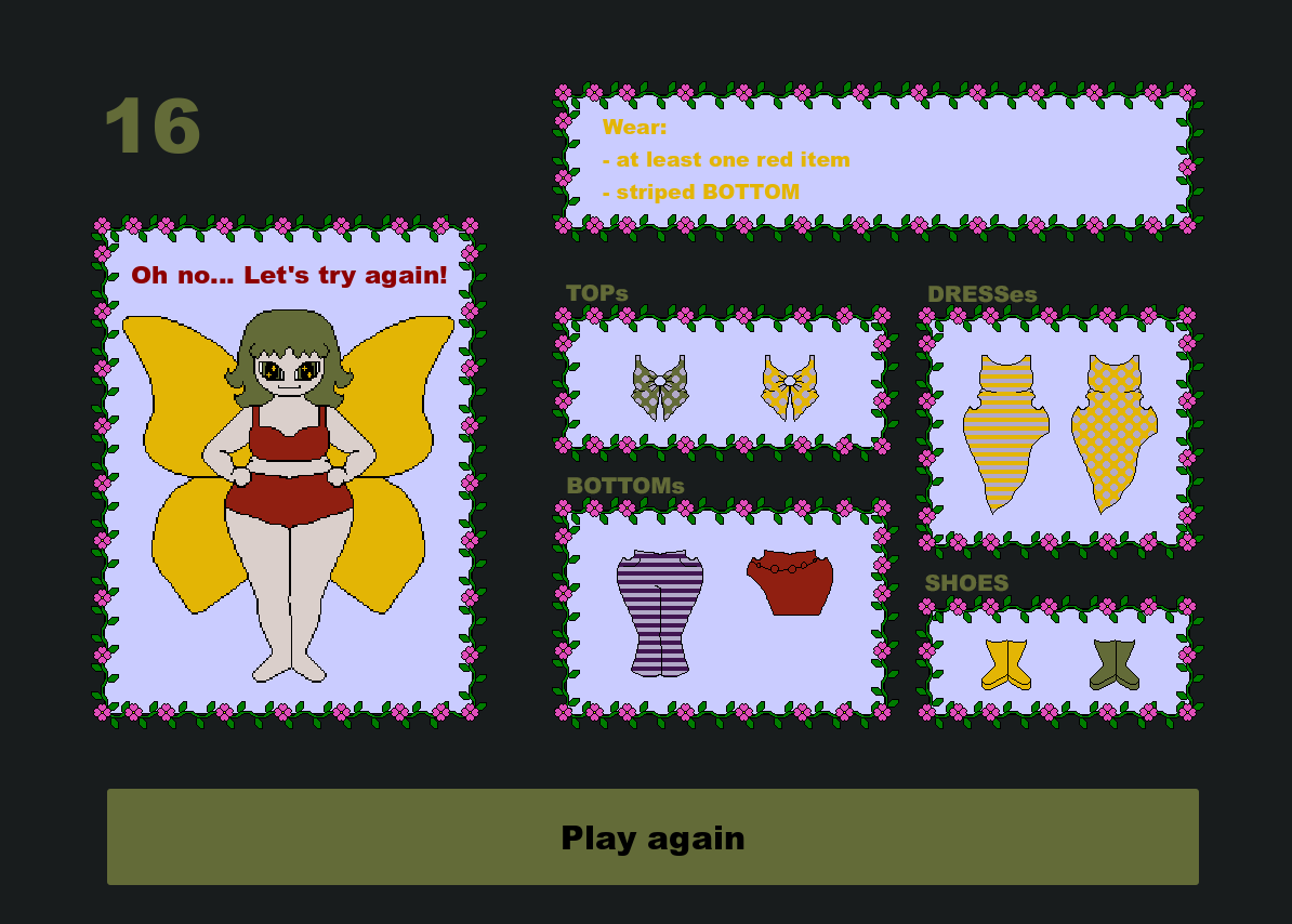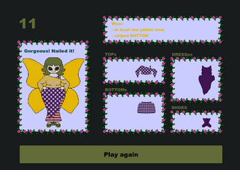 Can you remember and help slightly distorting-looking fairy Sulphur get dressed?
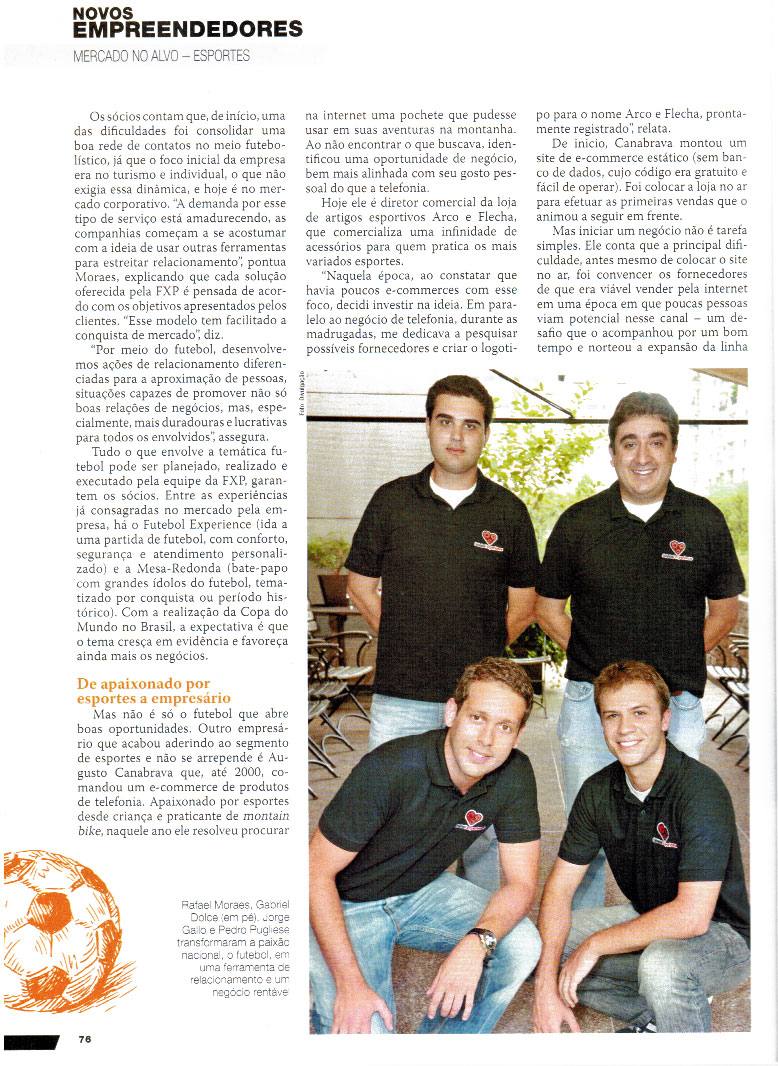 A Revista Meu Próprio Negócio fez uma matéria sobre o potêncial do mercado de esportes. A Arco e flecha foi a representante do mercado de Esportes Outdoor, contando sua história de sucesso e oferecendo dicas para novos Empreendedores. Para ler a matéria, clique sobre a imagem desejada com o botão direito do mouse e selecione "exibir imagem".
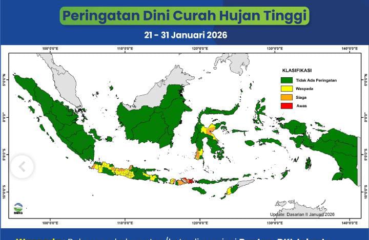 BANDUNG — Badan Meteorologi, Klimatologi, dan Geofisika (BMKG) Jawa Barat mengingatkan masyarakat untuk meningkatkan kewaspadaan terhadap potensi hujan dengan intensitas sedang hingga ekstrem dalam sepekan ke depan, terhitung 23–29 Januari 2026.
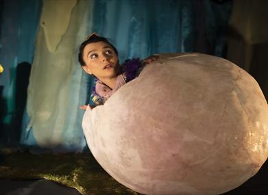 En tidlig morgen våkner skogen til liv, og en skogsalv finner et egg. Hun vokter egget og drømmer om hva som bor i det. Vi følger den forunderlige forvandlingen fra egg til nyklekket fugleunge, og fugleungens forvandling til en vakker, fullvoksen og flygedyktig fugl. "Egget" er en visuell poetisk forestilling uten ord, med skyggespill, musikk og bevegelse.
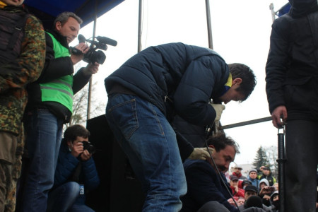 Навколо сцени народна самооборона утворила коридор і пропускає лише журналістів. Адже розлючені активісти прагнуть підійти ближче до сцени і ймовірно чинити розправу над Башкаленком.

==================================================

[Work to complete] Reproduce the records in full, exactly as they appear, and show none of the pictures.

[Output]
 Can you remember and help slightly distorting-looking fairy Sulphur get dressed?
 A Revista Meu Próprio Negócio fez uma matéria sobre o potêncial do mercado de esportes. A Arco e flecha foi a representante do mercado de Esportes Outdoor, contando sua história de sucesso e oferecendo dicas para novos Empreendedores. Para ler a matéria, clique sobre a imagem desejada com o botão direito do mouse e selecione "exibir imagem".
 BANDUNG — Badan Meteorologi, Klimatologi, dan Geofisika (BMKG) Jawa Barat mengingatkan masyarakat untuk meningkatkan kewaspadaan terhadap potensi hujan dengan intensitas sedang hingga ekstrem dalam sepekan ke depan, terhitung 23–29 Januari 2026.
 En tidlig morgen våkner skogen til liv, og en skogsalv finner et egg. Hun vokter egget og drømmer om hva som bor i det. Vi følger den forunderlige forvandlingen fra egg til nyklekket fugleunge, og fugleungens forvandling til en vakker, fullvoksen og flygedyktig fugl. "Egget" er en visuell poetisk forestilling uten ord, med skyggespill, musikk og bevegelse.
 Навколо сцени народна самооборона утворила коридор і пропускає лише журналістів. Адже розлючені активісти прагнуть підійти ближче до сцени і ймовірно чинити розправу над Башкаленком.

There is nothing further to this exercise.